My first try is premature, and results only in gorse scratches to legs and hands on the steep slope.  Then I recall the spot is further along, opposite the first houses after Hunts Farm (all new since Watkins’s day).  A narrow path, barely noticeable, snakes into the dying undergrowth.  There’s nothing to be seen, until I realise that the stone is on a ledge immediately below where I’m standing.  It faces the sea, near where Vernon Watkins must have stood hundreds of times.  You can only see its face if you turn your back to the sea.  No one walking the coast path could possibly know about the stone.  Even if you did know, you’d need instructions to pinpoint it. 

The stone’s near-invisibility might be a mirror – perhaps a deliberate one – of the nature of Vernon Watkins the man.  By all accounts he was a self-contained and undeclarative person, unlike his close friend Dylan Thomas, and might have been averse to a public drawing attention to himself.  It’s true, there’s a plaque commemorating him in Pennard Church, a small, slightly crooked plaque on the outside wall of the care home at Southgate where his house once stood, and a third on the wall of the old Lloyds Bank in St Helen’s Road, Swansea, where he worked.  But he’d have been more embarrassed than flattered, you sense, if he’d been accorded the equivalent of the Dylanolatry that litters Swansea, Laugharne and other Thomas locations.  Hunts Bay, with its modest, bowl-like valley sweeping down to the rocks and the sea, would have been enough for him.

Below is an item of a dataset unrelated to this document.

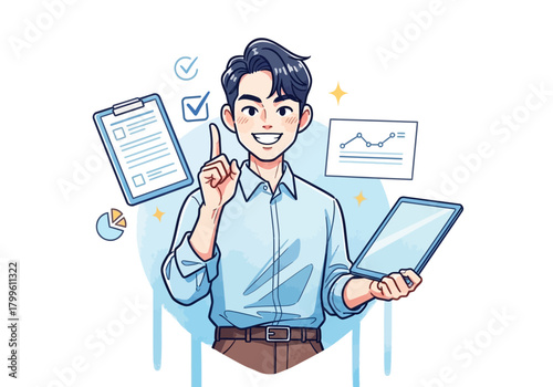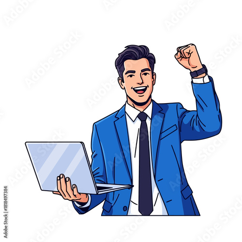 Vector illustration of businessman with tablet showing ok hand sign in retro pop art comic style.

The stone gives his dates (1906-67), below his name and the phrase, ‘Poet of Gower’.  This epithet grounds him in his beloved adopted homeland, though it also makes him sound a ‘local’ or ‘regional’ poet, like William Barnes or George Crabbe, whereas the claims he makes in his poems are not primarily about locality but about wider themes of life and (especially) death.

The inscription carries a line, carved by Ronald Cour, from one of Watkins’s best-known poems, the long-line ‘Taliesin in Gower’: ‘I have been taught the script of the stones, and I know the tongue of the wave’.  When I get home, I look the poem up and read it.  And find myself disappointed.  Well-chosen though it is for its geographical fit, it seems to me to contain in its twelve stanzas many of the weaknesses of Watkins’s verse.  It starts with an invocation, in the kind of orotund, ‘poetic’ language that was common enough in English poetry up to the 1950s, but which sounds dated and off-putting today (you can imagine Dylan Thomas reciting it portentously in his Anglicised brogue):

Late I return, O violent, colossal, reverberant, eavesdropping sea.
My country is here.  I am foal and violet.  Hawthorn breaks from my hands.

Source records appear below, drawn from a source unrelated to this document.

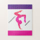 Quebra-cabeça de ginástica com ginasta passando por um suporte de mão e nome personalizado.
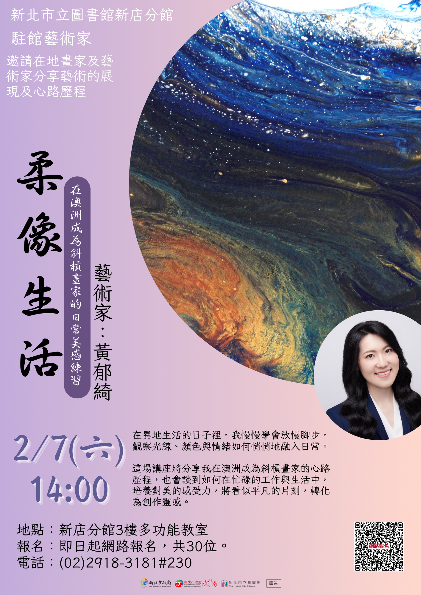【新店分館】115年駐館藝術家-2/7(六) 14:00 柔像生活:在澳洲成為斜槓畫家的日常美感練習
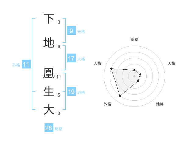 下地 凰生大さんを姓名の画数から五運を鑑定
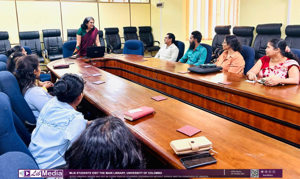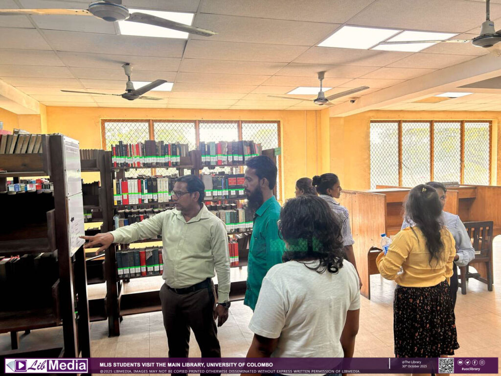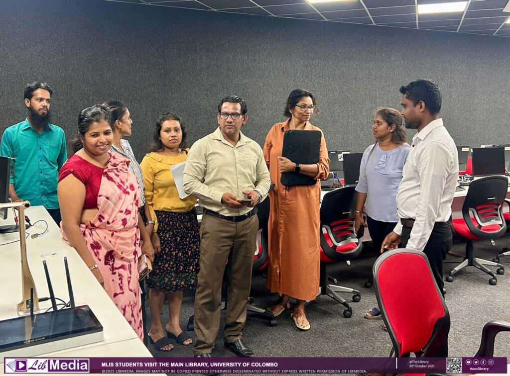 The visit introduced the new students to the Library’s facilities, services, and resources, while providing valuable insight into the academic library environment and professional practices. The tour was guided by Dr. Chiranthi Wijesundara, MLIS Programme Coordinator, who offered an overview of the Library’s key services and facilities.

Admittedly, the voice is the imagined voice of the mythical Welsh poet Taliesin.  But his ode sounds more like Swinburne than a version of Old Welsh, and the high, vatic tone continues, with little or no variation, through the rest of the poem.  Nouns and adjectives describing the animate and inanimate life of the south Gower coast pile up in ever thicker drifts, as the ancient poet celebrates the vitality of the land and its creatures, persistent through ages of time.  The fourth stanza is typical:

Yet now my task is to weigh the rocks on the level wings of a bird,
To relate these undulations of time to a kestrel’s motionless poise,
I speak, and the soft-running hour-glass answers; the core of the rock is a third:
Landscape survives, and these holy creatures proclaim their regenerate joys.

Somehow the language here never takes flight, never surprises, never delights.  It’s weighed down by phrases that are ponderous (‘undulations of time’) or clichéd (‘motionless poise’).  Why are the creatures ‘holy’?  Watkins described himself, as others have since, as a ‘metaphysical’ poet.  But you don’t find in ‘Taliesin in Gower’ that vital, daring connection between idea and image, that colloquial tone, or that delight in twisting an argument like a subtle knife so common in, say, the poems of John Donne or George Herbert.  I suppose there’s an ‘argument’ of sorts, when we arrive at the final stanza:

I celebrate you, marvellous form.  But first I must cut the wood,
Exactly measure the strings, to make manifest what shall be.
All Earth being weighed by an ear of corn, all heaven by a drop of blood,
How shall I loosen this music to the listening, eavesdropping sea?

There’s an implied irony here, since the poet has just spent eleven stanzas ‘loosening the music’ in celebration of the world around him.  But maybe I’m searching for things that are not there.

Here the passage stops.